The hitchhiking all went quickly from Brussels: an African-Belgian guy took me to the first highway gas station, then I sat in a disgustingly filthy car thick with cat hair and cigarette smoke from a man with three kids in the back seat, and finally a Chechen guy drove me to Oostende on the coast. He couldn’t believe I was American nor that I was visiting for fun. I had already told him I was from America, but he looked me over and asked, “Are you Syrian?”
“Nooooo!” I replied. I pointed to the American flag velcroed on my backpack and said, “California!” in the dorkiest way possible.

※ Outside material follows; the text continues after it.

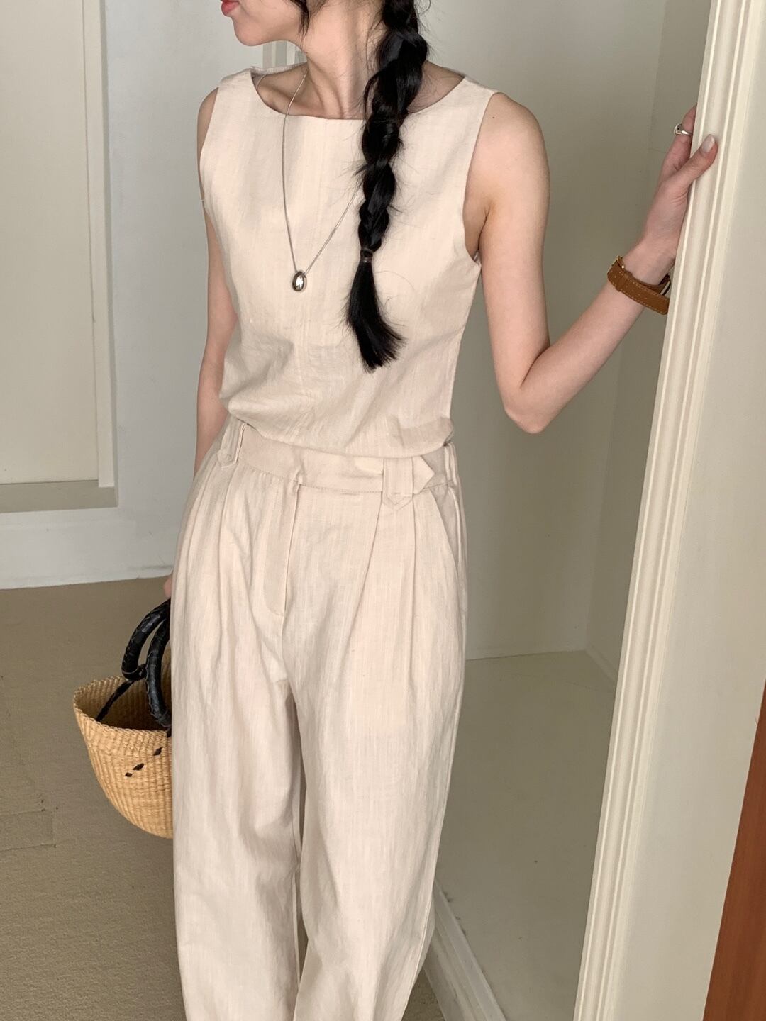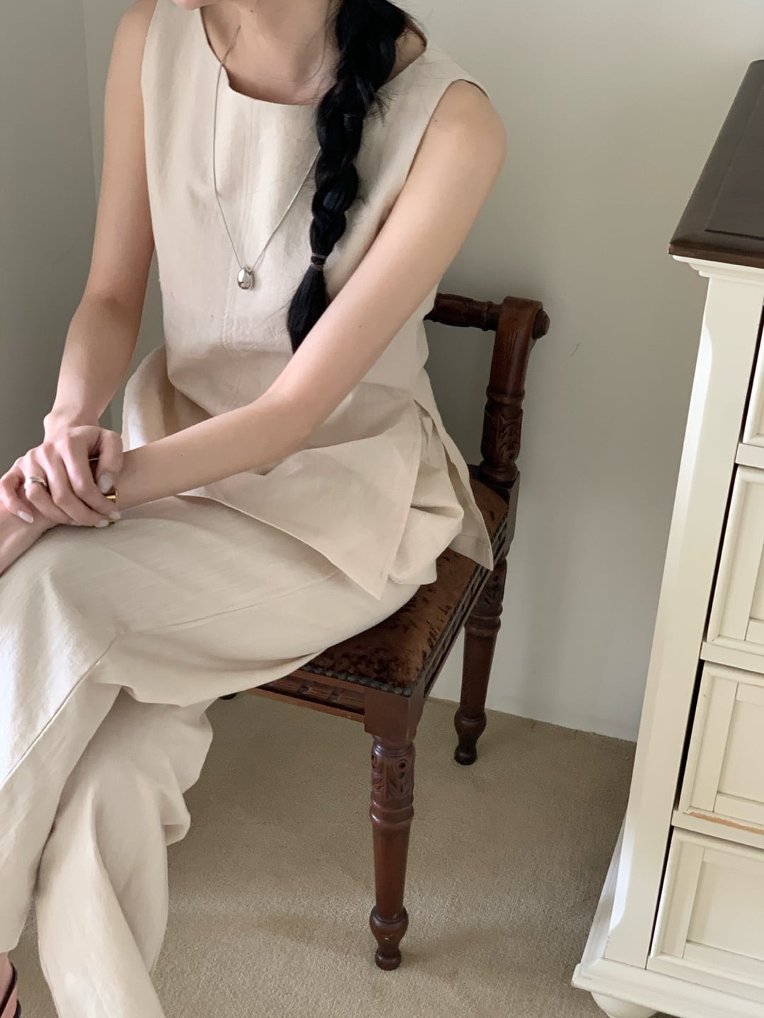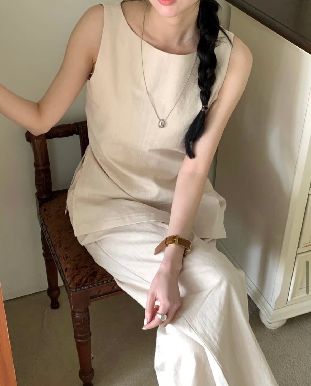 Side-slit Linen Set-Up 2color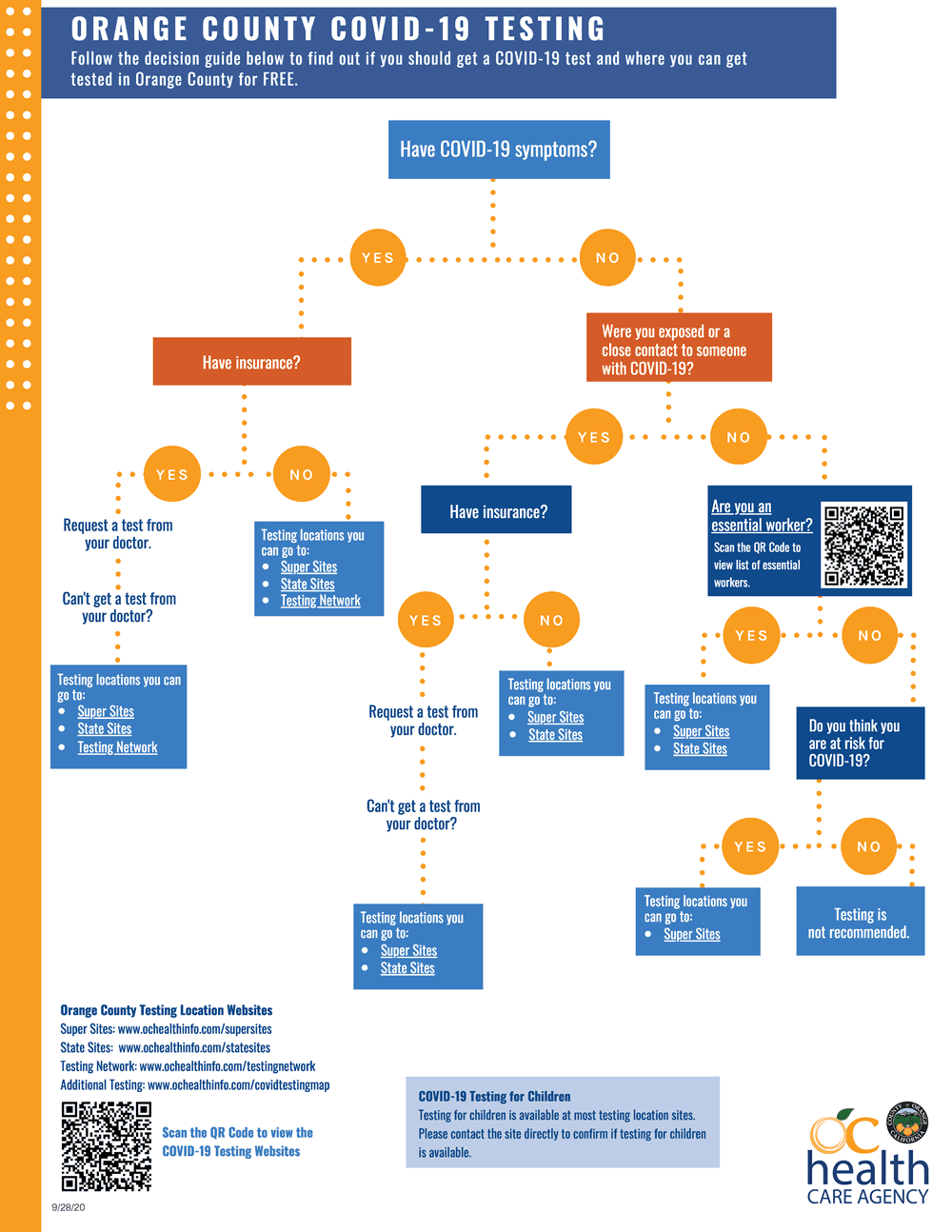 “The County’s at-home saliva-based COVID-19 test kits are now available to all individuals that live in Orange County – regardless of their ability to pay or their legal resident status,” said Vice Chairman Andrew Do, First District. “The OC Health Care Agency and our healthcare provider partners have stood up a robust system of in-person, drive-through, and at-home testing to ensure residents have access to testing as we try to slow the spread of the COVID-19 virus.”

He was confused. “You are on holiday in Belgium? Belgium?!” as if it was the most ridiculous idea. I assured him I had no other motives to be in Belgium and he let me out in Oostende, not believing a word I said.
Sometimes I worry about getting robbed while hitchhiking, but any driver’s smartphone is worth twice as much as everything in my bag combined, and the driver probably quickly realizes it when meeting me. In almost all of Europe the balance is such that the driver is far more worried about you than you are worried about the driver. Whatever the dynamic, so far, so good.
In Oostende I stayed at an Airbnb place that cost exactly $1 because the guy simply wanted to have guests. In Gent I stayed as a Couchsurfing guest, but I might be losing my Couchsurfing mojo. Lately it hasn’t been so easy to find hosts.
The Cheap flight—always the cheap flight
My flight to Miami is with a Belgian-based airline called—ready for this? It’s unbelievably bad: Jetairfly. Ta-da! Is that not the worst name for an airline? Who thinks of these things? I am flying with them because $165 is crazy-cheap.
I was all proud of myself that I found such a cheap flight, but these days they aren’t the only cheap game in town to cross the Atlantic. Jetairfly, Norwegian.com and Wowair via Iceland are the way to go, among others. Still, $165 including all taxes and a free checked bag is very, very hard to beat.
Blitzing through the US embassy
I raced to the US embassy in Brussels just before my flight to get extra passport pages. You must make an appointment online, but then there is wiggle room if you call them and ask for other times. Like anything involving passports, it’s better to do it abroad than home because of the time and cost. If I wanted new passport pages in USA, the cost would be the same, $82, but I would have to mail it away (with insurance and a return envelope) and wait 4-6 weeks or pay an express fee of $32 if I went in person to a passport office in a big city.
It rankles me that I have to pay $82 for something that used to be free and which takes minutes to do, but come the end of the year, the government will no longer issue extra passport pages. When your passport gets filled with stamps, you’ll have to buy another passport, which is about $140 now, plus photos, plus the interminable waiting time, etc.
Pro tip: all those mangled US dollar banknotes that no money changer will touch, the ones with the rips, tears, spots, markings, and stains? The embassy will take them.
For foreigners coming to USA, just because nowadays there are old and new types of banknotes for the same denomination doesn’t mean it’s a problem to use either one. In fact, every banknote ever printed in America is legal tender. Don’t come to USA with anything other than dollars. I have never, ever seen a decent rate for any foreign currency.
How did I find an Airbnb place that was $1? By doing a search by map, putting my parameters as a place for under $10, and zooming out. You never know what you might find.